Tetapi ketidakpastian atas kecepatan dan besarnya kenaikan suku bunga telah menyebabkan kebingungan spekulasi tentang seberapa tinggi Fed dapat menaikkan suku bunga, sebelum memburuknya aktivitas ekonomi memaksa Fed kembali ke penurunan suku bunga.
Bank sentral itu sendiri memperkirakan Fed perlu menaikkan suku bunga menjadi sekitar 3,8% tahun depan untuk melakukan perlambatan inflasi, meskipun perkiraan itu sekarang mungkin sudah ketinggalan zaman.
Adapun, kenaikan suku bunga yang dinilai masih kurang hawkish ini akan memberikan aset berisiko di Asia bangkit, meskipun investor harus mempertahankan sikap defensif karena ancaman pengetatan kebijakan lebih lanjut dan arus keluar modal.
Analis juga menegaskan kembali pandangan mereka bahwa aset China kurang terkena dampak dari kenaikan suku bunga AS, sedangkan India dan Asia Tenggara lebih rentan.
Direktur investasi di GAM Investment Management di Zurich Jian Shi Cortesi, bilang kebijakan domestik sebagai kekuatan pendorong yang jauh lebih penting daripada suku bunga AS.
Sementara, ia melihat India rentan terhadap suku bunga AS yang lebih tinggi, yang dapat menyebabkan arus keluar modal, menekan rupee India lebih lanjut, memperpanjang inflasi impor, dan mendorong lebih banyak kenaikan suku bunga domestik.
Baca Juga: Bank-bank di Wall Street Menaikkan Suku Bunga Kredit, Pasca Kenaikan Bunga The Fed
“Pasar Asia Tenggara cenderung berkinerja buruk dalam siklus kenaikan suku bunga,” ujarnya dikutip dari bloomberg, Kamis (28/7).
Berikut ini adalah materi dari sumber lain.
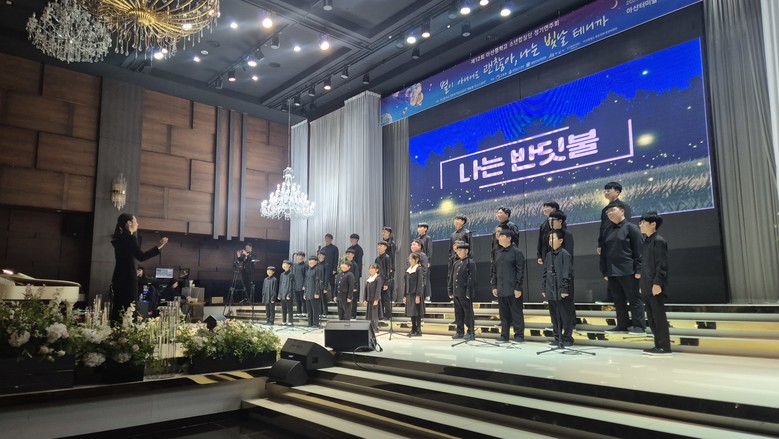 [아산시 세계타임즈=이현진 기자] 아산중학교(교장 강희준)는 11월 28일(금) 아산터미널 8층 웨딩홀에서 제12회 소년합창단 ‘Boys Voice’ 정기연주회를 성황리에 개최했다. 약 300명의 관람객이 참석한 가운데 진행된 이번 공연은 “별이 아니어도 괜찮아, 나는 빛날 테니까”라는 주제로, 학생들이 한 해 동안 쌓아온 음악적 성장을 무대에서 자연스럽게 풀어냈다.

Dwyfor Evans, kepala strategi makro Asia Pasifik di State Street Global Markets di Hong Kong berpendapat bahwa Asia masih dalam mode defensif, sebagian karena pengetatan kebijakan, tetapi juga latar belakang aliran modal negatif.
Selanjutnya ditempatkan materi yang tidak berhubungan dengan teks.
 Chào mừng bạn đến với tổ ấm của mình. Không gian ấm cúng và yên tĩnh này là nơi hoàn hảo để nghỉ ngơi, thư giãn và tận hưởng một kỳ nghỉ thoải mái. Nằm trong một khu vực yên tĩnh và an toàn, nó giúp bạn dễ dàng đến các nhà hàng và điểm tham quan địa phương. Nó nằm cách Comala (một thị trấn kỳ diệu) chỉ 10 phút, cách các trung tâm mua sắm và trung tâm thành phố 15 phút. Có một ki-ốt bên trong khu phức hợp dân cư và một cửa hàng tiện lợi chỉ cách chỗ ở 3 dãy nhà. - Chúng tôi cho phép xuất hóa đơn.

"Untuk ekuitas, kami memiliki kekhawatiran pertumbuhan di Korea, yang harus dihindari, dan kami mendukung Taiwan dengan pendapatan yang kuat, tetapi kami menghindari eksposur mata uang TWD dan tetap bias terhadap USD panjang versus Asia."
Thu Ha Chow, kepala pendapatan tetap Asia di Robeco Singapore menambahkan aset berisiko, termasuk kredit Asia, juga dapat diuntungkan karena pasar pendapatan tetap dapat memperoleh keuntungan.
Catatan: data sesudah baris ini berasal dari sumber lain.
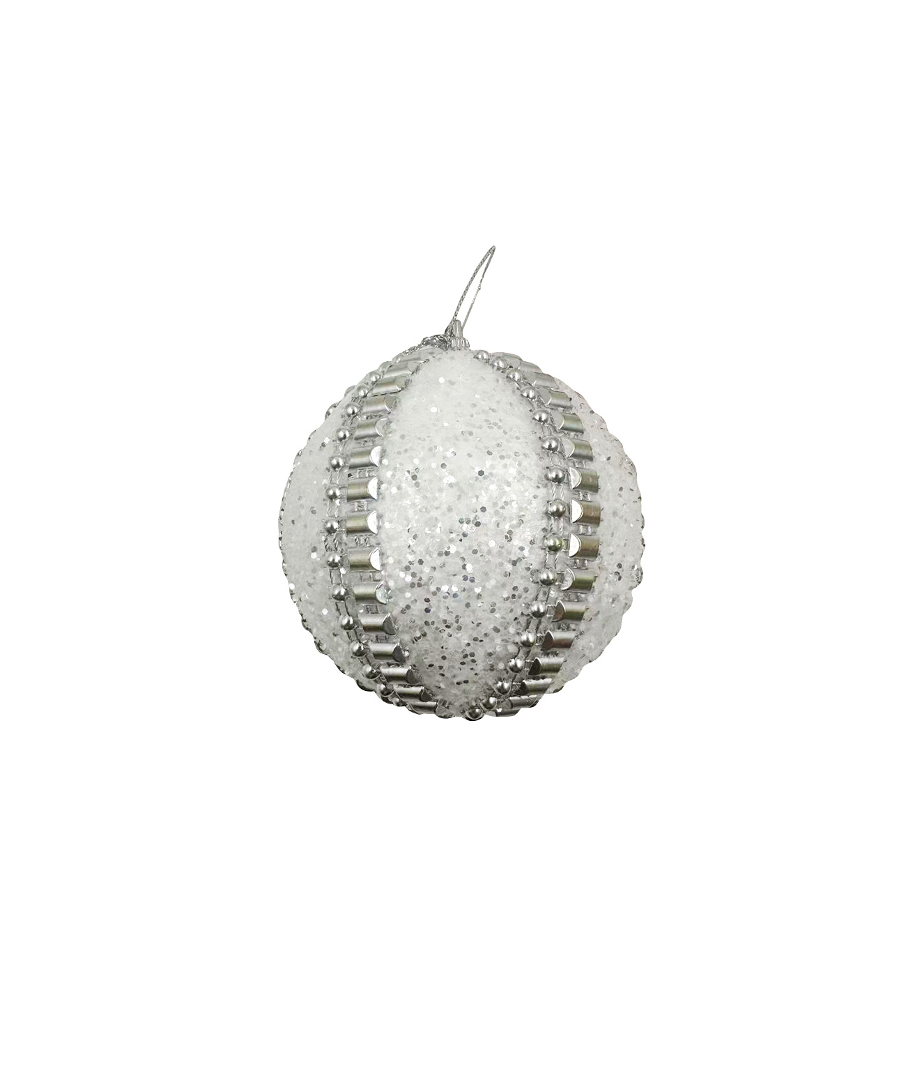 Add a clean and elegant shimmer to your festive setting with the White Christmas Ball With Silver Chain 8cm.

Menurutnya, dengan pelebaran spread baru-baru ini di pasar kredit Asia, nilai di beberapa emiten memiliki imbal hasil tinggi di sektor energi terbarukan, baja, dan telekomunikasi. Ia melihat sektor-sektor tersebut lebih tahan terhadap penurunan ekonomi tetapi juga memiliki kapasitas untuk meneruskan kenaikan harga.